Bristol Music - Gig Review - Lisa Mitchell

Wednesday 3rd March 2010 @ Louisiana, Bristol

The glockenspiel provides a sweet but ghostly shivering soundtrack to the tiny rotating ballerina, dressed in a pink little plastic dress, in the open jewellery box. Her glassy and expressionless face stares with silent eyes into her endless future. No-one knows what the ballerina has seen since she was first purchased for a ringletted girl all that time ago. But there’s something wild about the figurine, like she’s lived in a forest with furiously flighty trees and turquoise softly winged insects. Her twinkled, trapped existence, the background music for princesses passed and being born, is a cocoon of escapism for each child she tends to.

Lisa Mitchell is both the ballerina and the child. With the tender, candy voice you could be sitting right within a pear drop. I mean that literally: Reclined on a French, 17th century, grotesquely patterned chair, you take a sip of waterfall before playing tennis with sugar cubes and dancing with migrant jelly babies. For Lisa’s world isn’t just sweeties from the checkout, she is Alice in Wonderland, mystery, fantasy and dark humour, as well as youth and extreme matters concerning beating hearts. Neopolitan Dreams and Coin Laundry lay testament to this.

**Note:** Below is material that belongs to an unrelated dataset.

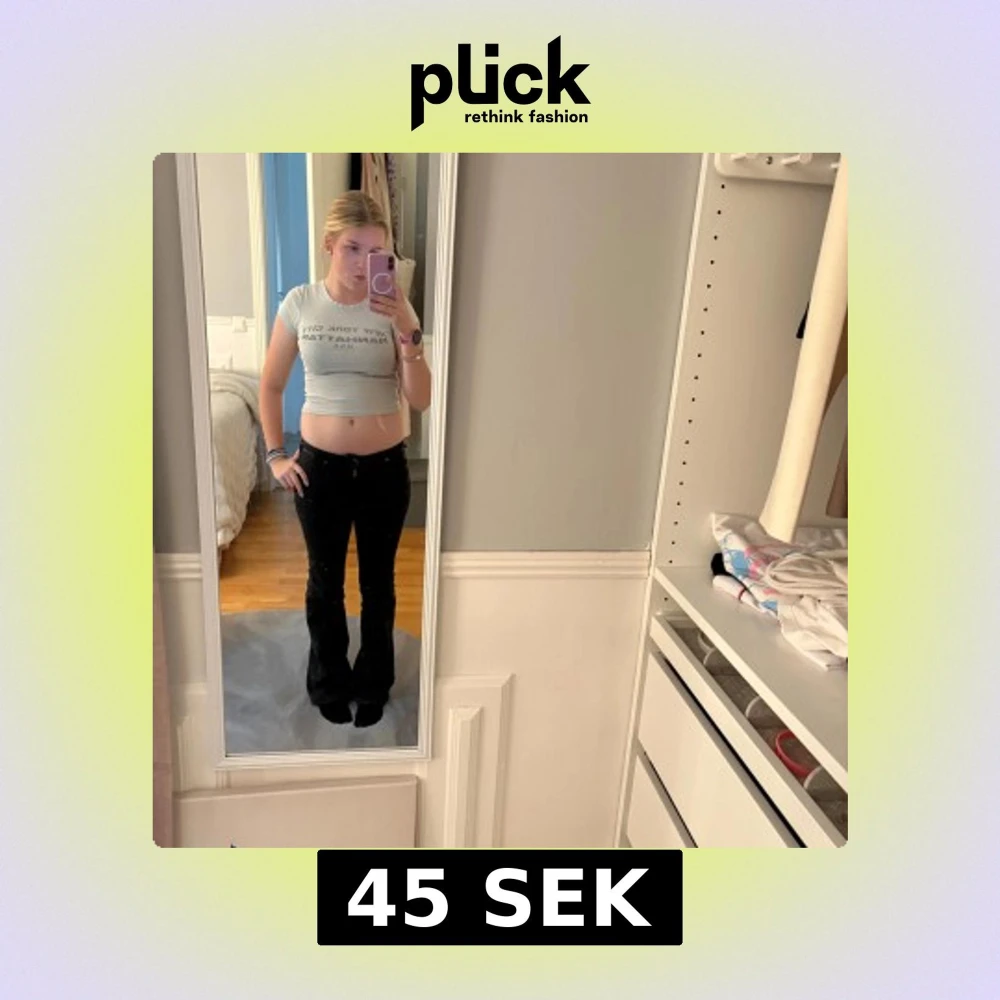 Säljer en grå croppad topp från H&M med tryck 'New York City Manhattan USA' på bröstet. T-shirten har rund halsringning och korta ärmar.

Quite the opposite of her initial blast to public consciousness. Lisa Mitchell came sixth in Australian Idol 2006 but wait! Don’t let that lead into commercial misconceptions. Lisa, born in England in 1990 before moving to Australia, has her own songs, her own instrumental skills and her own talent. Her often compared, Laura Marling/Imogen Heap voice sounds sweeter than them, but her musical form, although still folky and delicate, is far more haunting. Seeing her tonight at the Louisana; her beautiful voice, savvy attitude, stylish dress sense and girlie/teen shyness/confidence made her songs 3D. She has embraced her little idiosyncrasies, her naivety and passion for writing and combined it with her voice and instruments. This makes for an ultimate belief in herself that comes across on stage. Here she explains her own passage of twirling time, on her website: ‘Usually it’s about losing and then re-finding hope or happiness. Most of my songs are written around that cusp. I guess it’s a survival mechanism for me.’

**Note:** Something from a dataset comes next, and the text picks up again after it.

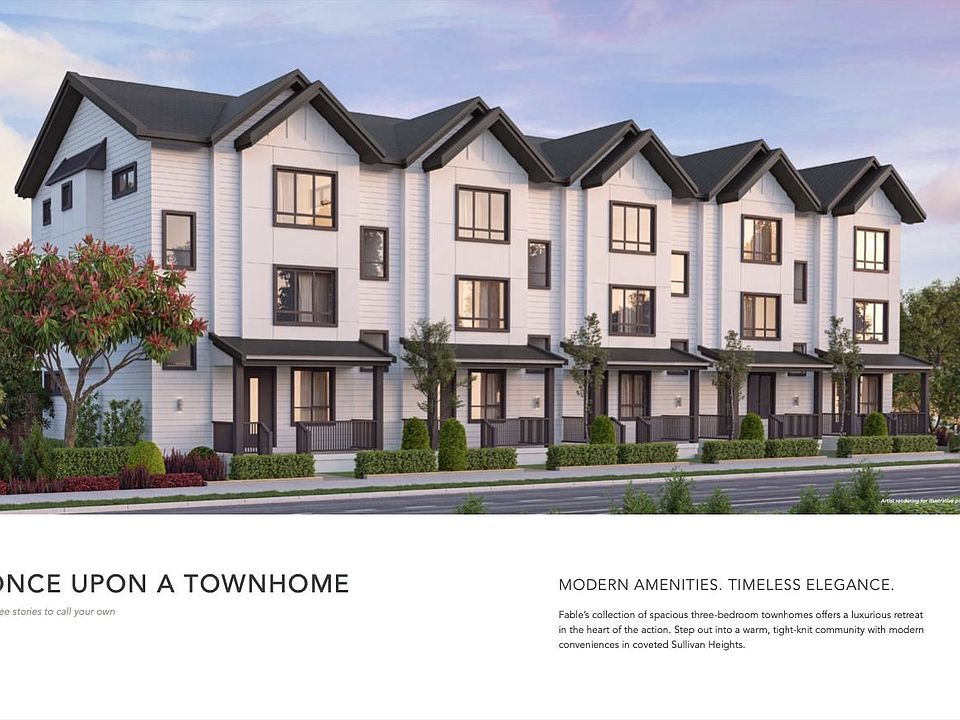 Welcome to Fable, a boutique collection of spacious three-bedroom townhomes designed for elevated living in the heart of Sullivan Heights. These 3-level homes pair classic farmhouse-inspired architecture with clean black-and-white exteriors and warm, modern interiors finished with soft woods and a neutral palette. Premium features include high-quality materials throughout and a luxurious SMEG appliance package. Enjoy two levels of curated amenities including a private playground, community gathering areas, bike racks, and outdoor seating. Steps from restaurants, shops, parks, schools, and everyday conveniences, Fable offers a complete lifestyle in a walkable, family-friendly neighbourhood.

The only thing, although she was clearly passionate within the performance of each of the songs, it did feel a tad like she was going through the motions. While in contrast, her bassist was almost too enthusiastic with his exaggerated movements - making a bit of a weird juxtaposition. It would also have been nice to see her sing alone a bit more, as sometimes the crashing band, crashed a bit too hard and stamped on her tail. However, she is 19 and was very professional and relaxed on stage, and it was refreshing to see her “being young” donning a little zebra tasselled woolly hat and flitting about. The band were good and she’s doing extremely well. And there’s not a hint of a Cheryl Cole type “creation” about her. She knows she’s got real talent.